_EXERCISE BRIEF_
Using the listing below, set down exactly the lines from the one that contains "Beautiful charm bracelets" through the one that contains "May 11 What", with no pictures.

_RECORDS PROVIDED_

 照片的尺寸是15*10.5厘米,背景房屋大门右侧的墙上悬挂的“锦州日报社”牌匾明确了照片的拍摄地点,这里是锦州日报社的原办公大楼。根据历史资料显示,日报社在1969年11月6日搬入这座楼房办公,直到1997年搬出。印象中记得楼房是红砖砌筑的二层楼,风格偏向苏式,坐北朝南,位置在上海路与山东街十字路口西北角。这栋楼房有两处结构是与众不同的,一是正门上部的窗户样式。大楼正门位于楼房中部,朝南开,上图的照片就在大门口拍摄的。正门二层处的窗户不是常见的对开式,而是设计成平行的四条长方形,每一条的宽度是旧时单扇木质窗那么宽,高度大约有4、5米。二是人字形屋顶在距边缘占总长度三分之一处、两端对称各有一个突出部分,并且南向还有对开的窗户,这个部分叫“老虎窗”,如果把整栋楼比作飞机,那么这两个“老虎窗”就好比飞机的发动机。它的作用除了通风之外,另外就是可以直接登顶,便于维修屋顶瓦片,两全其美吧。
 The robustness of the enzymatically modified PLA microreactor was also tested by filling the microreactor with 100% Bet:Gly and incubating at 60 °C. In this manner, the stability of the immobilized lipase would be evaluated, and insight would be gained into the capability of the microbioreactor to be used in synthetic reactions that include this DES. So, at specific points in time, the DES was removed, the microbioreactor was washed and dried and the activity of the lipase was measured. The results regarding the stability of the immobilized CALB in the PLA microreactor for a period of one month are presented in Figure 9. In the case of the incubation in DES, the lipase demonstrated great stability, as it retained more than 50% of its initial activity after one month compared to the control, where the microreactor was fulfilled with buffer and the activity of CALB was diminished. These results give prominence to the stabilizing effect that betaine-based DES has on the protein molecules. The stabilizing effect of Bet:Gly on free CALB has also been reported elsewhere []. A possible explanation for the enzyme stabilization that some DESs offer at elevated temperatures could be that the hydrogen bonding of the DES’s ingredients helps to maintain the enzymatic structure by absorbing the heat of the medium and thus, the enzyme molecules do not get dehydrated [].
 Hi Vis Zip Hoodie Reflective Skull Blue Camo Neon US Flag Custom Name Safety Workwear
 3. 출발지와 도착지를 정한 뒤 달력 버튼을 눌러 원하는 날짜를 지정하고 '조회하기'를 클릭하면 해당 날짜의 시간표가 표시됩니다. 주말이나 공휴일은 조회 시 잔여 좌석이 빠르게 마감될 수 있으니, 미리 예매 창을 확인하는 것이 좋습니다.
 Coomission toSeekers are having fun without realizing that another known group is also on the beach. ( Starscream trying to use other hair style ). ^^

---

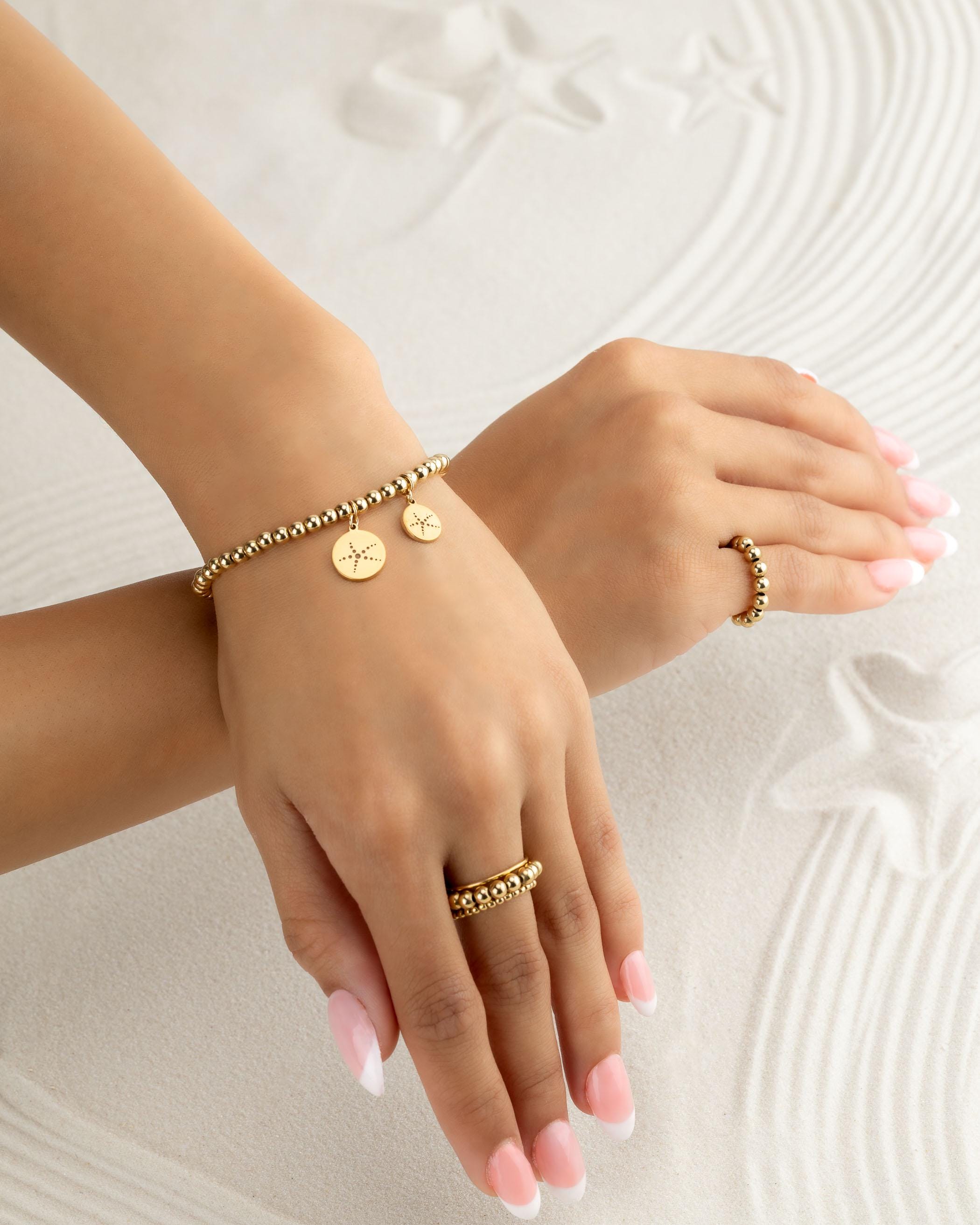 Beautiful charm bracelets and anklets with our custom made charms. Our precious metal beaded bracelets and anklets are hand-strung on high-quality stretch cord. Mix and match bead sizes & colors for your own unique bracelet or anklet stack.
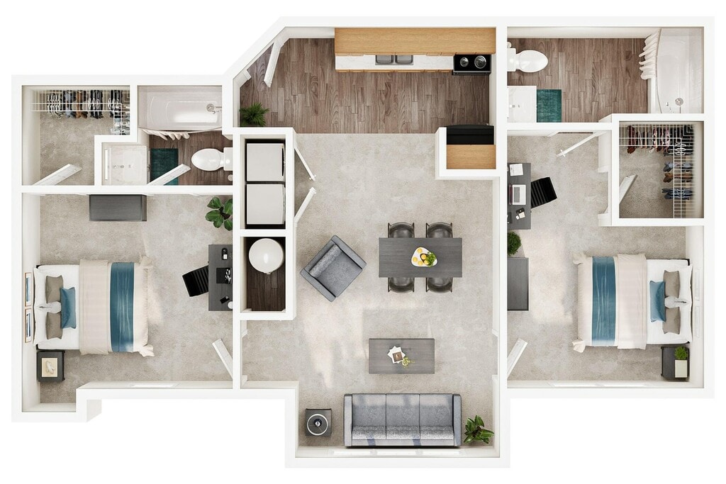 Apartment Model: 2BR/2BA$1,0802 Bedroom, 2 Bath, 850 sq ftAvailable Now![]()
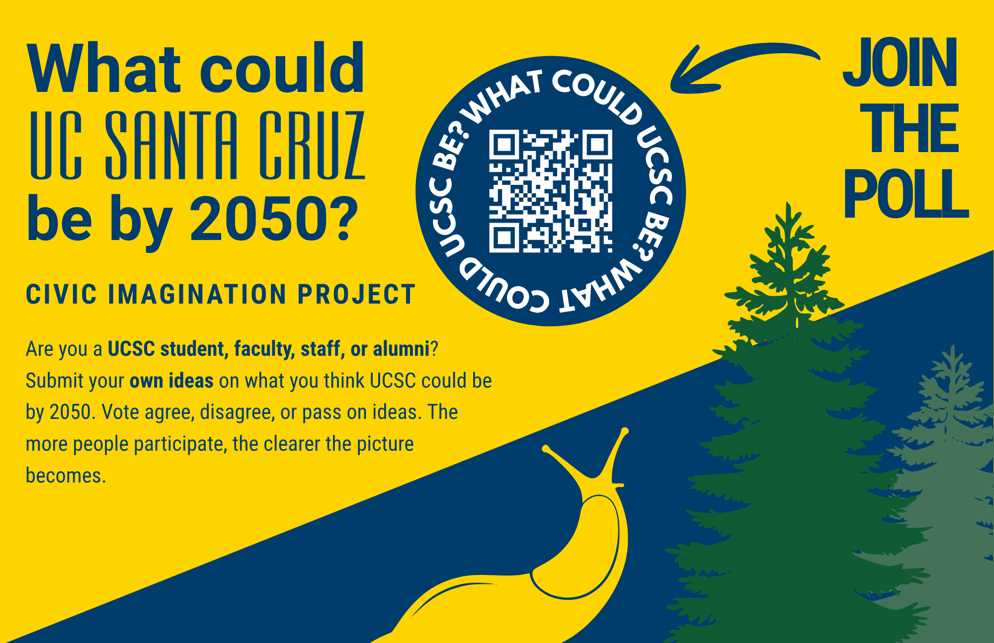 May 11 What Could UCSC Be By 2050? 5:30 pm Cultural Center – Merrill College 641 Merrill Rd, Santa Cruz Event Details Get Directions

_SOLUTION FOR THIS PROBLEM_
 Beautiful charm bracelets and anklets with our custom made charms. Our precious metal beaded bracelets and anklets are hand-strung on high-quality stretch cord. Mix and match bead sizes & colors for your own unique bracelet or anklet stack.
 Apartment Model: 2BR/2BA$1,0802 Bedroom, 2 Bath, 850 sq ftAvailable Now![]()
 May 11 What Could UCSC Be By 2050? 5:30 pm Cultural Center – Merrill College 641 Merrill Rd, Santa Cruz Event Details Get Directions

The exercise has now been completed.